(Exercise): Leave out the pictures and restate the rest of the data exactly.

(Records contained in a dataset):
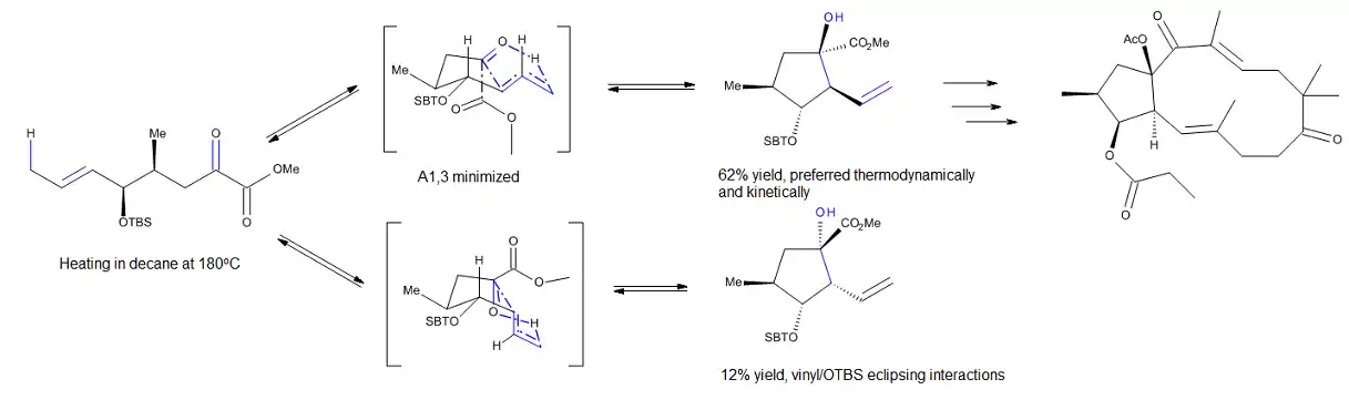 Intramolecular ene reactions benefit from less negative entropies of activation than their intermolecular counterparts, so are usually more facile, occurring even in the case of simple enophiles, such as unactivated alkenes and alkynes.[13] The high regio- and stereoselectivities that can be obtained in these reactions can offer considerable control in the synthesis of intricate ring systems.
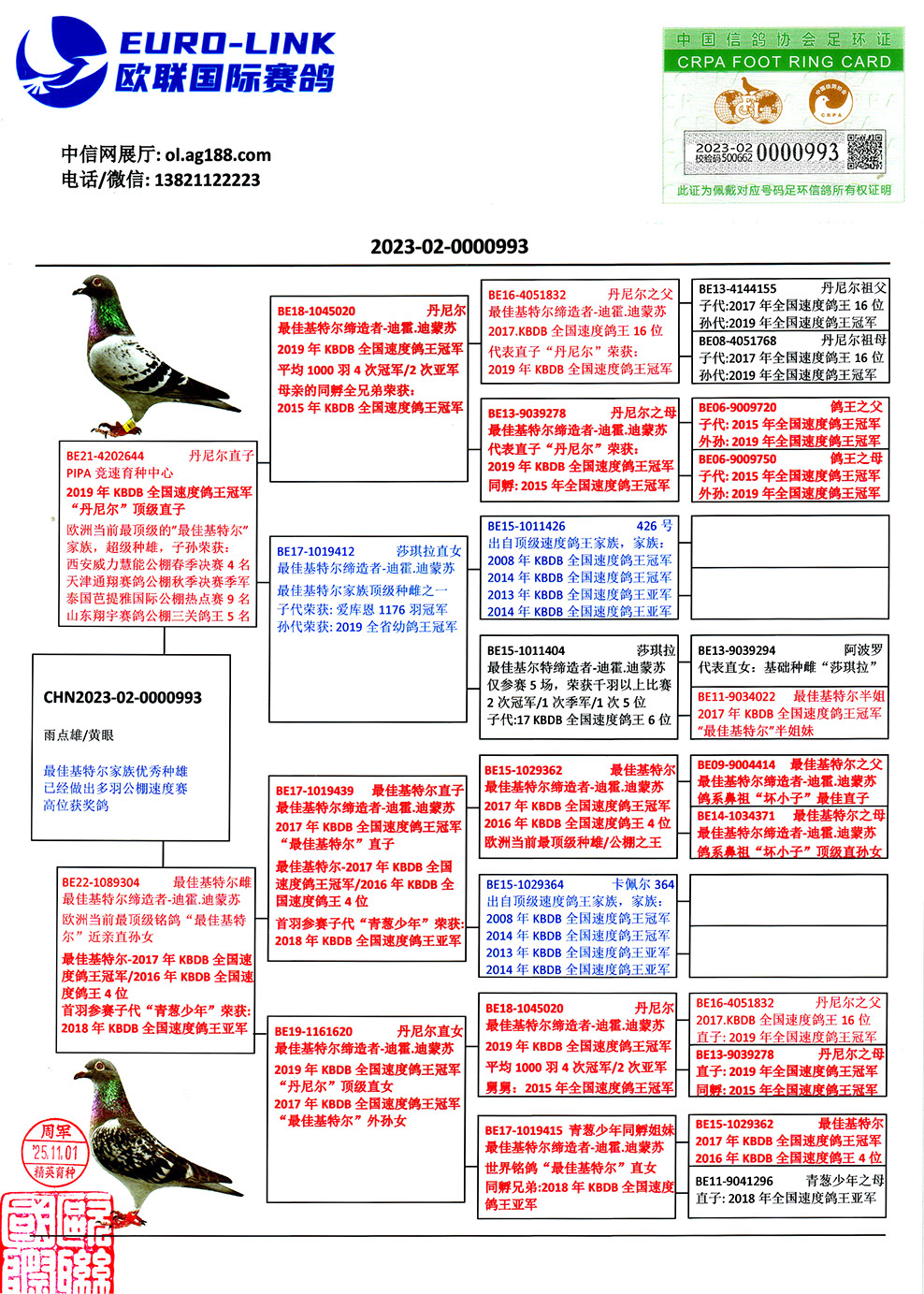 1603956 盖比世界铭鸽“闪电号“近亲回血 ¥6000元 11次
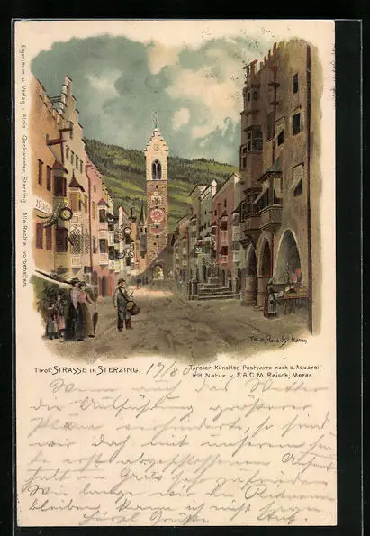 Künstler-AK F.A.C.M. Reisch: Sterzing, Strassenpartie mit Tor
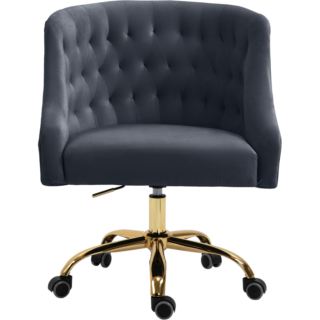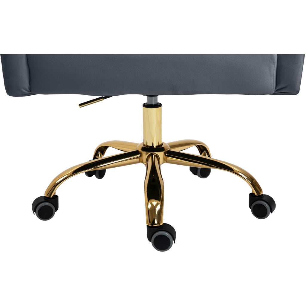 Stay cozy and comfortable at work while expressing your definitive modish tastes with this Arden Velvet Office Chair. This sumptuously appointed chair features soft grey velvet upholstery with svelte button tufting and a rich gold base, ensuring that it garners more than its fair share of oohs and aahs, no matter who's admiring it. This contemporary office chair swivels to allow for expanded functionality, and it's adjustable, so you can customize the chair's position to meet your sitting preferences.
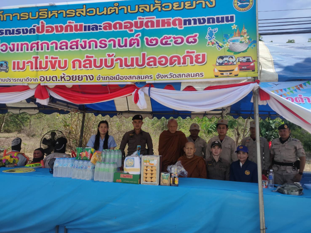 วันนี้ 13 เมษายน 2568 เวลา 12.30 น.นางสาวจิราภรณ์ เบิกบานดี นายอำเภอเมืองสกลนคร ออกตรวจเยี่ยมเจ้าหน้าที่ปฏิบัติงานจุดตรวจบริการประชาชน อบต.ห้วยยาง ได้มอบน้ำดื่มและถุงเยี่ยมให้แก่เจ้าหน้าที่เพื่อเป็นขวัญและกำลังใจ
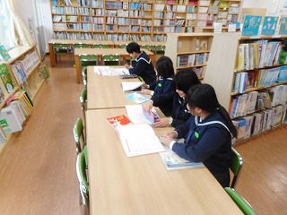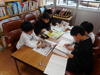 画像は4年2組の皆さんが図書館で調べている様子です。
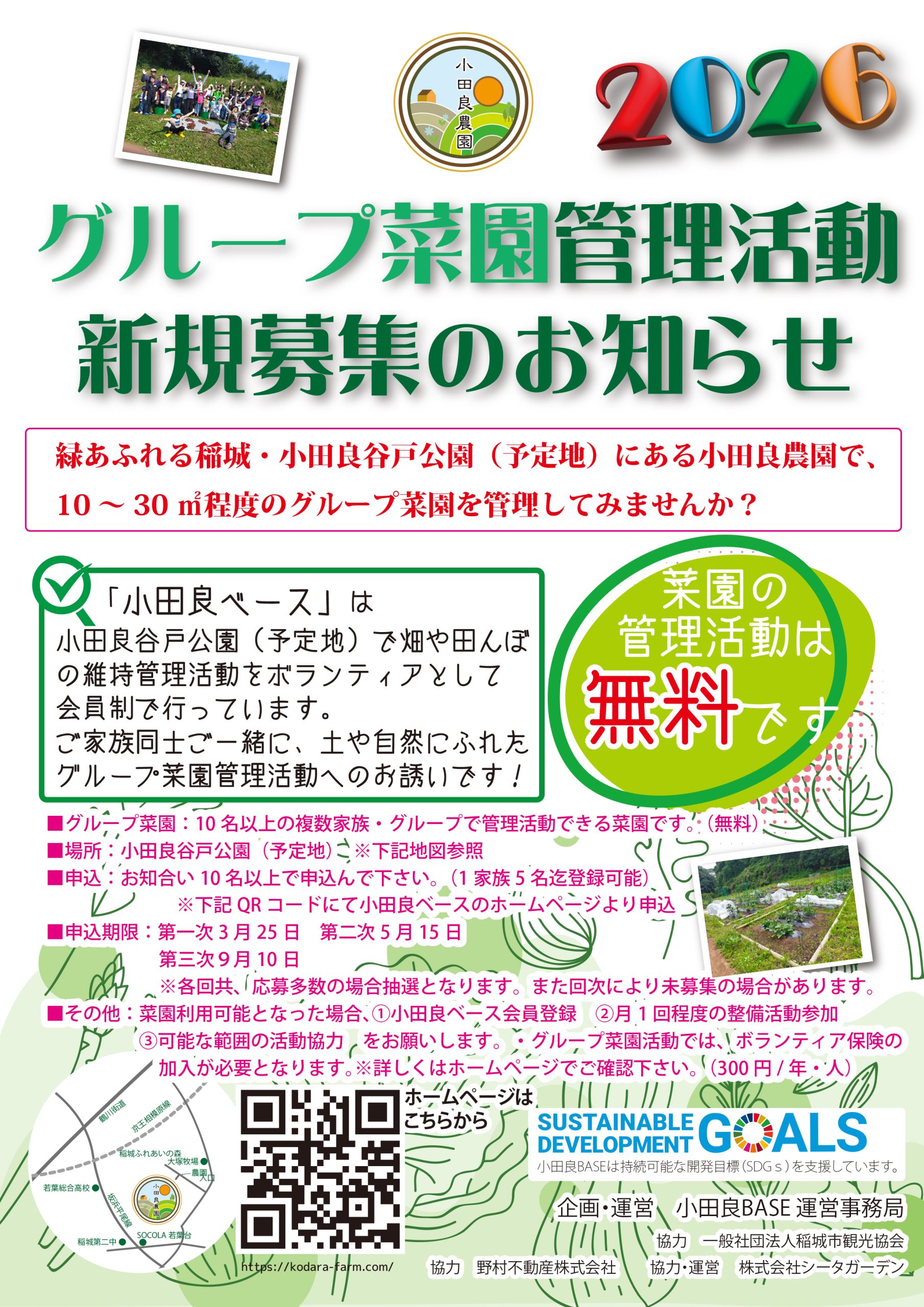「2026年グループ菜園管理活動新規募集開始」 イベント 2024.03.232026.03.06この度2026年グループ菜園管理活動新規募集開始しました。申し込みはこちらからお願いします。pdfファイルはこちらからダウンロードしてください。boshuu2026ダウンロード
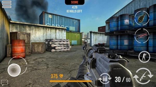 《FPS第一战场》是一款枪战射击游戏,拥有超高清的纹理材质与逼真的场景设计,能为玩家带来强烈的沉浸代入感。为了高度还原真实战场体验,游戏中配备了各类尖端现代化武器,且多数武器在其他FPS游戏中较为常见,因此上手门槛低,玩家可以快速熟悉并投身战斗。

(Finished exercise):
 Intramolecular ene reactions benefit from less negative entropies of activation than their intermolecular counterparts, so are usually more facile, occurring even in the case of simple enophiles, such as unactivated alkenes and alkynes.[13] The high regio- and stereoselectivities that can be obtained in these reactions can offer considerable control in the synthesis of intricate ring systems.
 1603956 盖比世界铭鸽“闪电号“近亲回血 ¥6000元 11次
 Künstler-AK F.A.C.M. Reisch: Sterzing, Strassenpartie mit Tor
 Stay cozy and comfortable at work while expressing your definitive modish tastes with this Arden Velvet Office Chair. This sumptuously appointed chair features soft grey velvet upholstery with svelte button tufting and a rich gold base, ensuring that it garners more than its fair share of oohs and aahs, no matter who's admiring it. This contemporary office chair swivels to allow for expanded functionality, and it's adjustable, so you can customize the chair's position to meet your sitting preferences.
 วันนี้ 13 เมษายน 2568 เวลา 12.30 น.นางสาวจิราภรณ์ เบิกบานดี นายอำเภอเมืองสกลนคร ออกตรวจเยี่ยมเจ้าหน้าที่ปฏิบัติงานจุดตรวจบริการประชาชน อบต.ห้วยยาง ได้มอบน้ำดื่มและถุงเยี่ยมให้แก่เจ้าหน้าที่เพื่อเป็นขวัญและกำลังใจ
 画像は4年2組の皆さんが図書館で調べている様子です。
「2026年グループ菜園管理活動新規募集開始」 イベント 2024.03.232026.03.06この度2026年グループ菜園管理活動新規募集開始しました。申し込みはこちらからお願いします。pdfファイルはこちらからダウンロードしてください。boshuu2026ダウンロード
 《FPS第一战场》是一款枪战射击游戏,拥有超高清的纹理材质与逼真的场景设计,能为玩家带来强烈的沉浸代入感。为了高度还原真实战场体验,游戏中配备了各类尖端现代化武器,且多数武器在其他FPS游戏中较为常见,因此上手门槛低,玩家可以快速熟悉并投身战斗。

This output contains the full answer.